[Opening RECORDS SUPPLIED section]

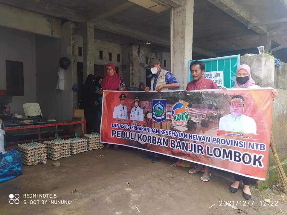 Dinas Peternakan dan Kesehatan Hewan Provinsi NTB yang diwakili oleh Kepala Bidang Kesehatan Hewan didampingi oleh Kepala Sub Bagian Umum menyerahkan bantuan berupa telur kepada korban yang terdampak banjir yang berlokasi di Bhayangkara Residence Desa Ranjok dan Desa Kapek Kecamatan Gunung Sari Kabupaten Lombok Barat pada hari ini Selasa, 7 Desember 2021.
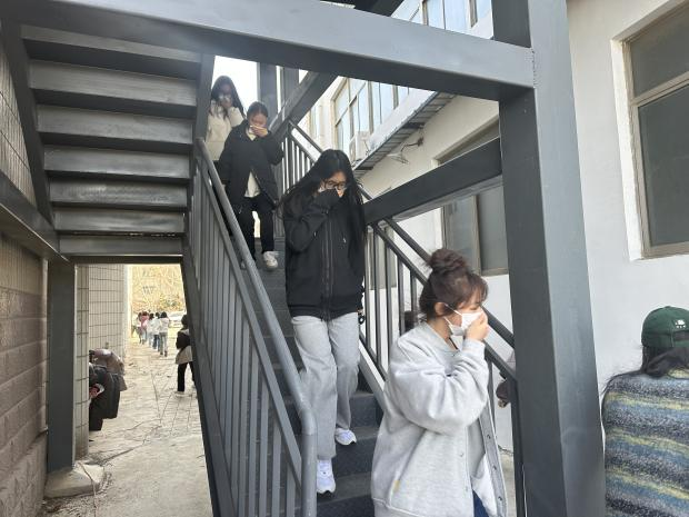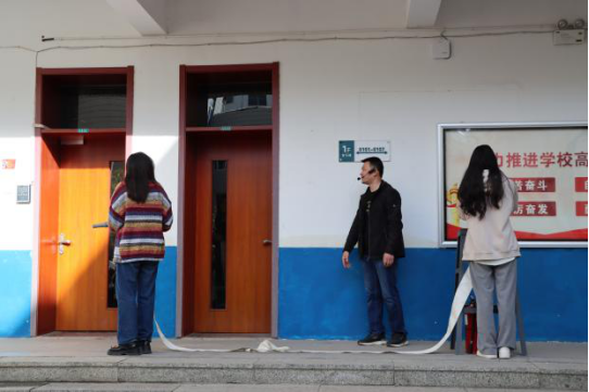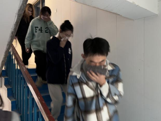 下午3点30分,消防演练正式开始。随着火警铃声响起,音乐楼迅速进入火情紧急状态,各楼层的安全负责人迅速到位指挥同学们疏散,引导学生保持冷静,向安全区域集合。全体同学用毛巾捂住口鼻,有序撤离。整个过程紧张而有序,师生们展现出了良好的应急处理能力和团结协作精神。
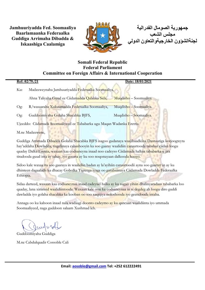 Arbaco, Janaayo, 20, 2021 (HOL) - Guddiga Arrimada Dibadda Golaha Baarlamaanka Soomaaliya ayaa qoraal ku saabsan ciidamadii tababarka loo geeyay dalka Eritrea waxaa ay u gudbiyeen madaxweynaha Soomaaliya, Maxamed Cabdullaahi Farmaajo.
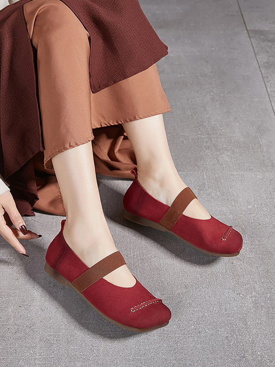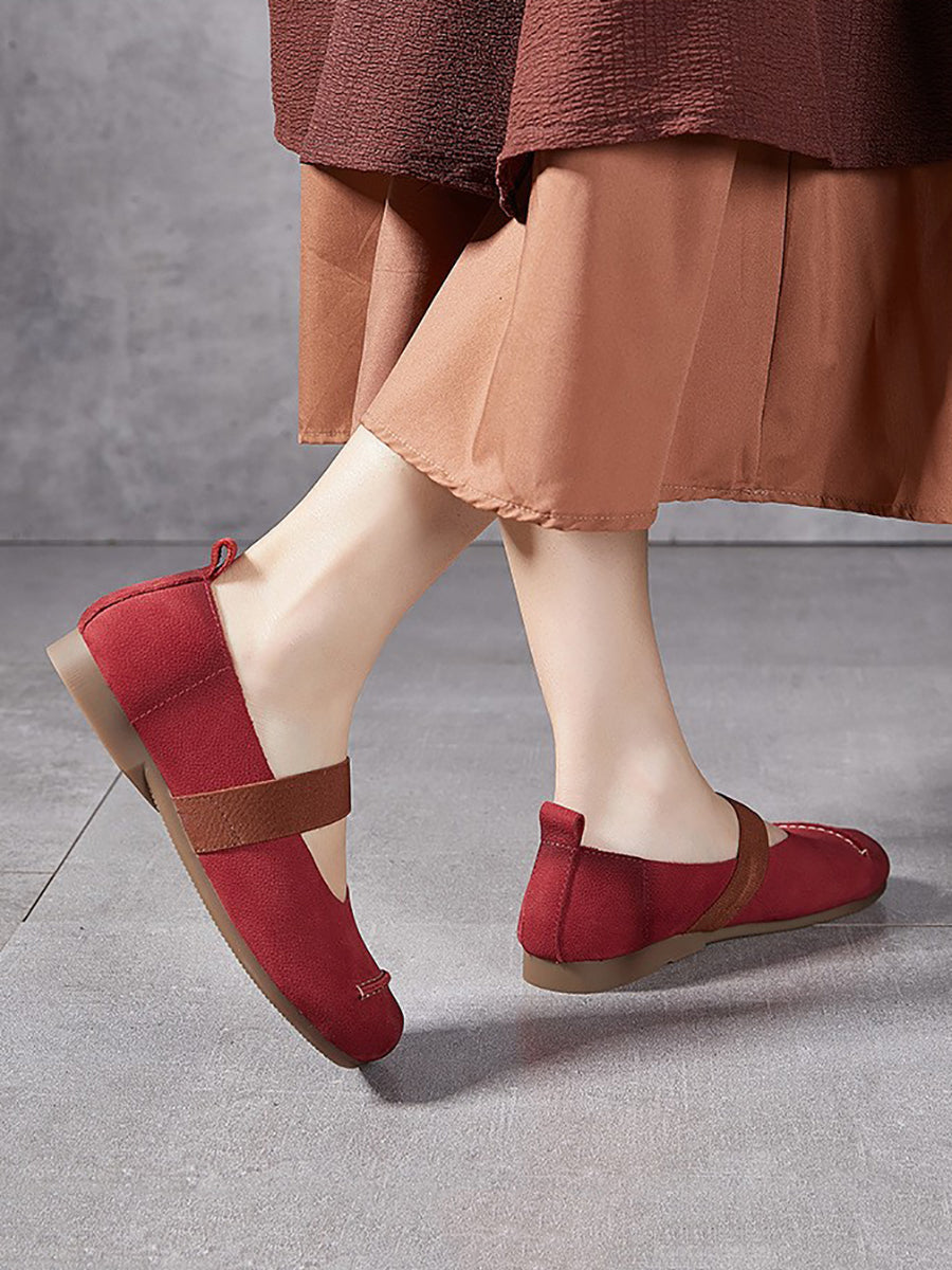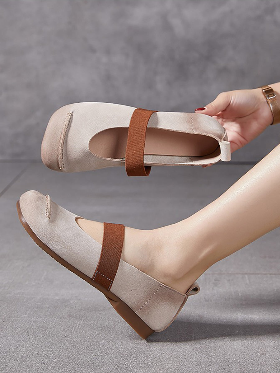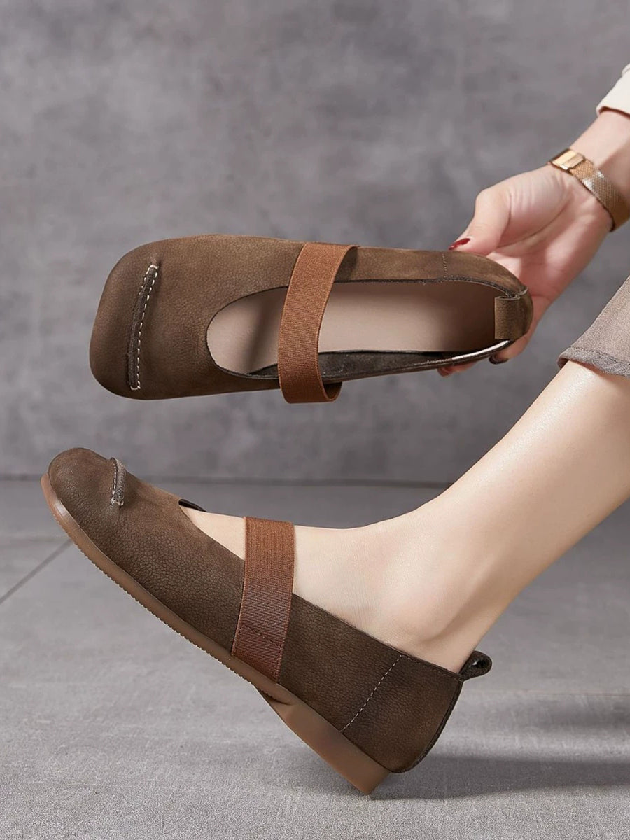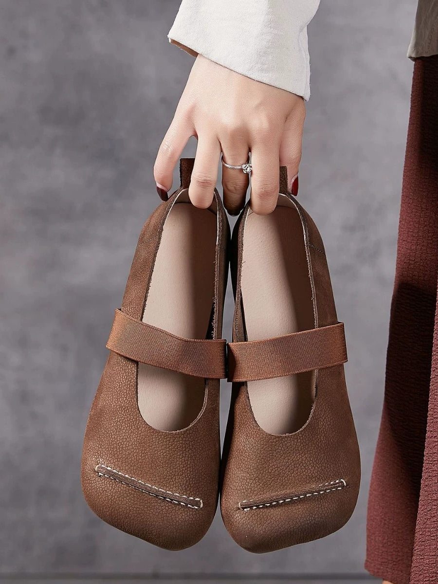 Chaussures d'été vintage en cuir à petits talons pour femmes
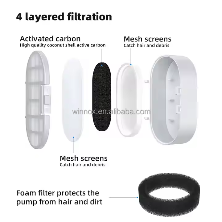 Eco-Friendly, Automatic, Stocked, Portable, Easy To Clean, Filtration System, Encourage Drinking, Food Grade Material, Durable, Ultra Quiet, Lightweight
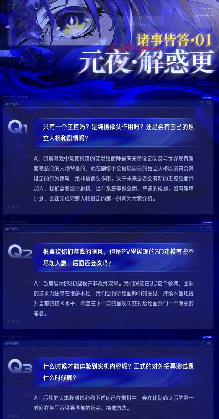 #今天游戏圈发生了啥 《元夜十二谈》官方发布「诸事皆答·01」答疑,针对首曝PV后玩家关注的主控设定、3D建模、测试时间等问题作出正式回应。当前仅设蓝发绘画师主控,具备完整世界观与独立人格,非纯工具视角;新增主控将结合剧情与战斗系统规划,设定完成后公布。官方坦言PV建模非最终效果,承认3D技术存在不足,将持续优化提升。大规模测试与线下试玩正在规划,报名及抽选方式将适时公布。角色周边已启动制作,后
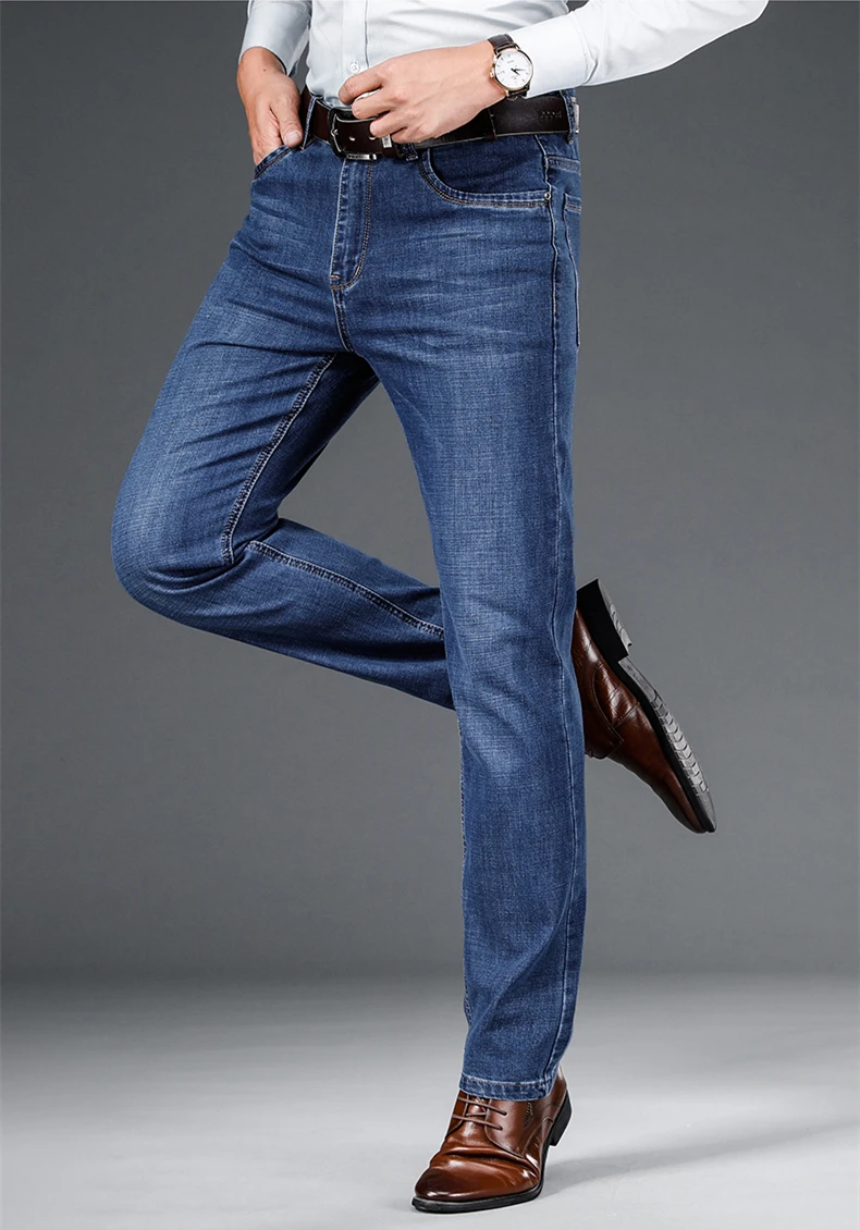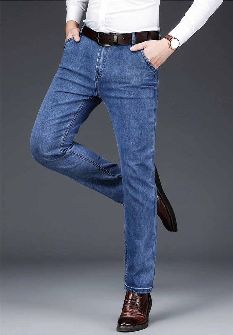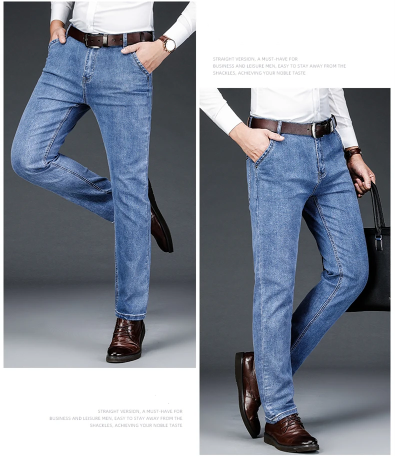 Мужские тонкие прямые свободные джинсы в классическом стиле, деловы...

[Closing RECORDS SUPPLIED section]
[Opening RECORDS SUPPLIED section]

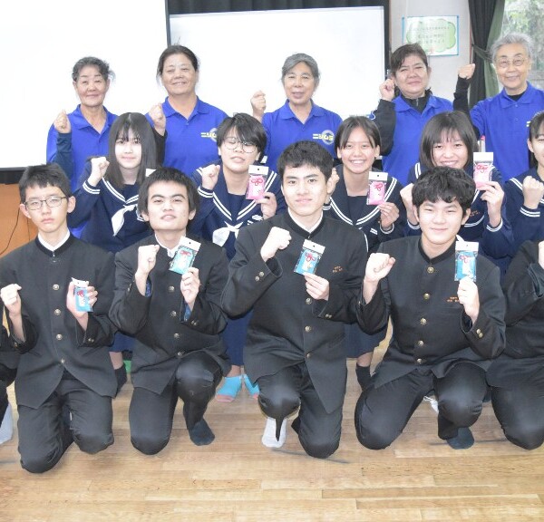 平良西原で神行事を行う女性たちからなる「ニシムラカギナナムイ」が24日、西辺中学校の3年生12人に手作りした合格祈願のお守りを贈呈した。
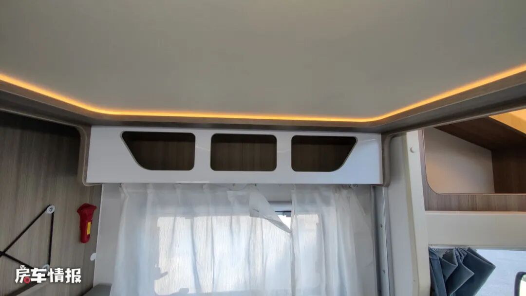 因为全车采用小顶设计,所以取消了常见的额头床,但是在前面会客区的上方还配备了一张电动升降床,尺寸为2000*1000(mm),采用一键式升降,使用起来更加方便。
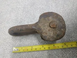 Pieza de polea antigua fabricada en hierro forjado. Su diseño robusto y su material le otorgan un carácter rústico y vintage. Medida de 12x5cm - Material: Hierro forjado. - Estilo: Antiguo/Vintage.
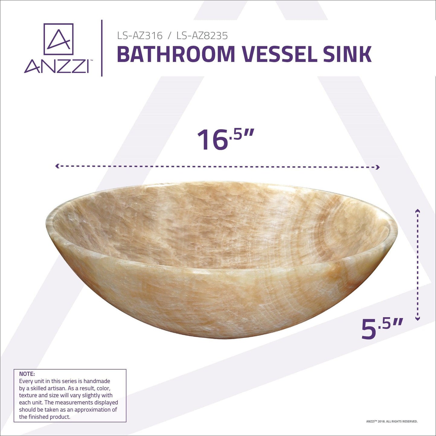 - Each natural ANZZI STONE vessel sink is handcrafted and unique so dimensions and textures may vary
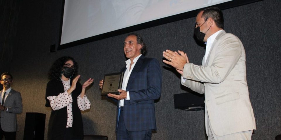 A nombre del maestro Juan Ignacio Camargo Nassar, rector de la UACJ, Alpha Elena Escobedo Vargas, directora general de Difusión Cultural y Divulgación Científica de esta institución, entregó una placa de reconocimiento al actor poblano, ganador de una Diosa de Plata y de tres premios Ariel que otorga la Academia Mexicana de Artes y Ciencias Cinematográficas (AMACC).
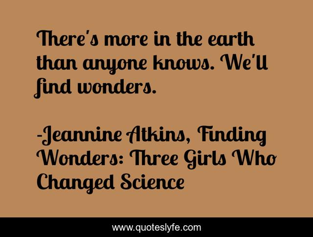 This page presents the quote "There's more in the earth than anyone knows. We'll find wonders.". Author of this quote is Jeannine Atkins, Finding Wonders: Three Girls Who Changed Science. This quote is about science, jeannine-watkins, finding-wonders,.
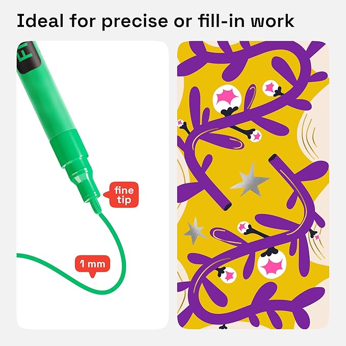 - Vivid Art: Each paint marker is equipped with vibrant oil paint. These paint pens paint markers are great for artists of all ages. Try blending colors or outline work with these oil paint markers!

[Closing RECORDS SUPPLIED section]
[Opening RECORDS SUPPLIED section]

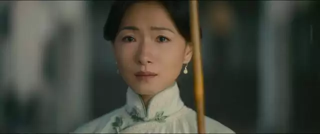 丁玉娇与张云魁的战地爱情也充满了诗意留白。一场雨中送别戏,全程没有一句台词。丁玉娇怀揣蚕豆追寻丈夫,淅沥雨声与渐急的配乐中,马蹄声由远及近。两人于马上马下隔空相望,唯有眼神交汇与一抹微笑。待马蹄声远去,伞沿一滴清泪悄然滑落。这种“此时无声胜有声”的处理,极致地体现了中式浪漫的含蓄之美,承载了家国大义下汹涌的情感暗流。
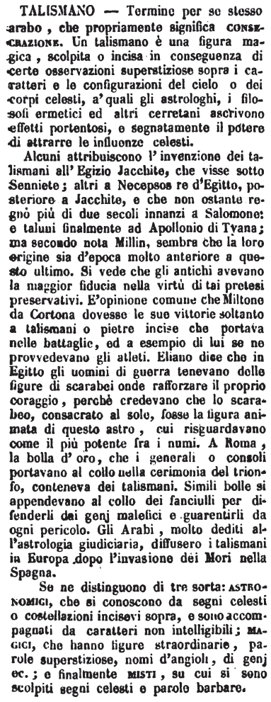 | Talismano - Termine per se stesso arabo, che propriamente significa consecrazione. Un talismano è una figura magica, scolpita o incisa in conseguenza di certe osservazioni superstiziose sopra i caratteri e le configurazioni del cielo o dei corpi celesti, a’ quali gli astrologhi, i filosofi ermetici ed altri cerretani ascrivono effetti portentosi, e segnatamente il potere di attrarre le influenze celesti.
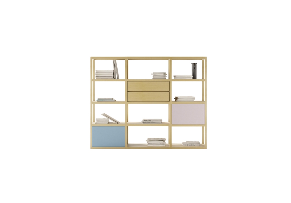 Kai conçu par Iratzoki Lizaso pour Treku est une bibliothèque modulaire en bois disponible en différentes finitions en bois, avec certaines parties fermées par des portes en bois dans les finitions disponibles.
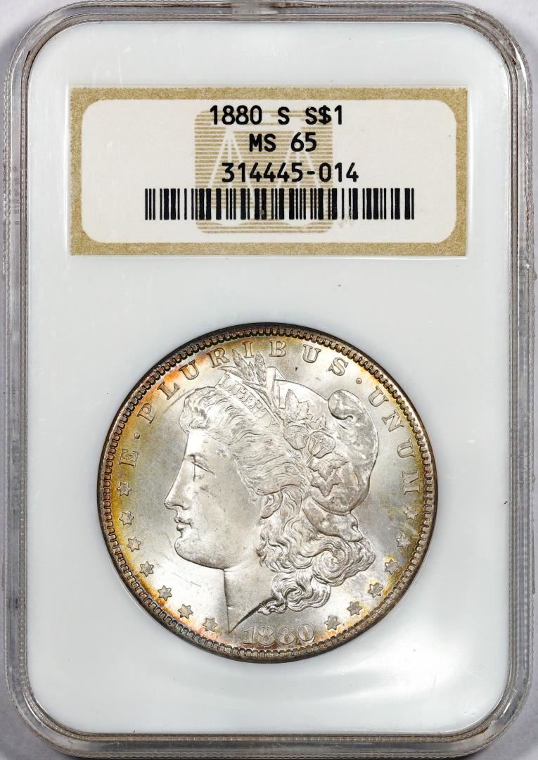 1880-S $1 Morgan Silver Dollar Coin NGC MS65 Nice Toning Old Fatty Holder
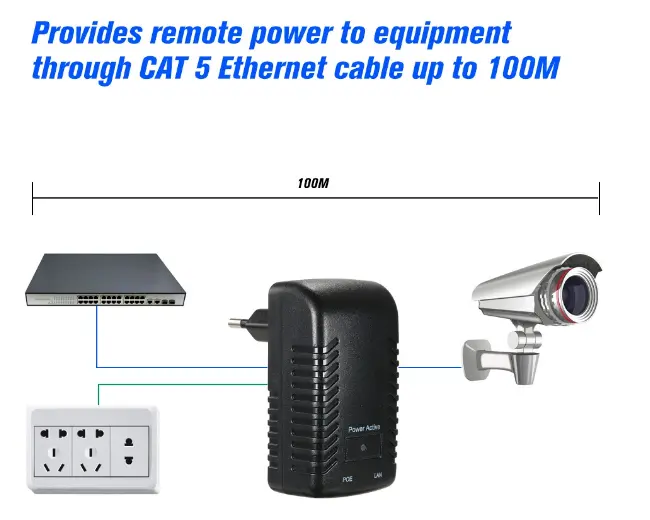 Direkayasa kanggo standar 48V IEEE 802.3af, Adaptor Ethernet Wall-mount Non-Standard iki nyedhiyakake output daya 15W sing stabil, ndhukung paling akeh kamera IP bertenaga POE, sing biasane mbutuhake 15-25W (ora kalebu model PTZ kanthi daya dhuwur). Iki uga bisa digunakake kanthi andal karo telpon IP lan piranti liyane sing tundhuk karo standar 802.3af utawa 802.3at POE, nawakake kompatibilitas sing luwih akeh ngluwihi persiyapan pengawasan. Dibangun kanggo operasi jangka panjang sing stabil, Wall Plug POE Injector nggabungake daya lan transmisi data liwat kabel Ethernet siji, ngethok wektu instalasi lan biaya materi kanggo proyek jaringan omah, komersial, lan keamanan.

[Closing RECORDS SUPPLIED section]

**THE TASK**
Output only the stretch above from the line with "Chaussures d'été vintage" through the line with "Eco-Friendly, Automatic, Stocked, Portable, Easy", reproduced exactly. Exclude pictures.

**ANSWER SPACE**
 Chaussures d'été vintage en cuir à petits talons pour femmes
 Eco-Friendly, Automatic, Stocked, Portable, Easy To Clean, Filtration System, Encourage Drinking, Food Grade Material, Durable, Ultra Quiet, Lightweight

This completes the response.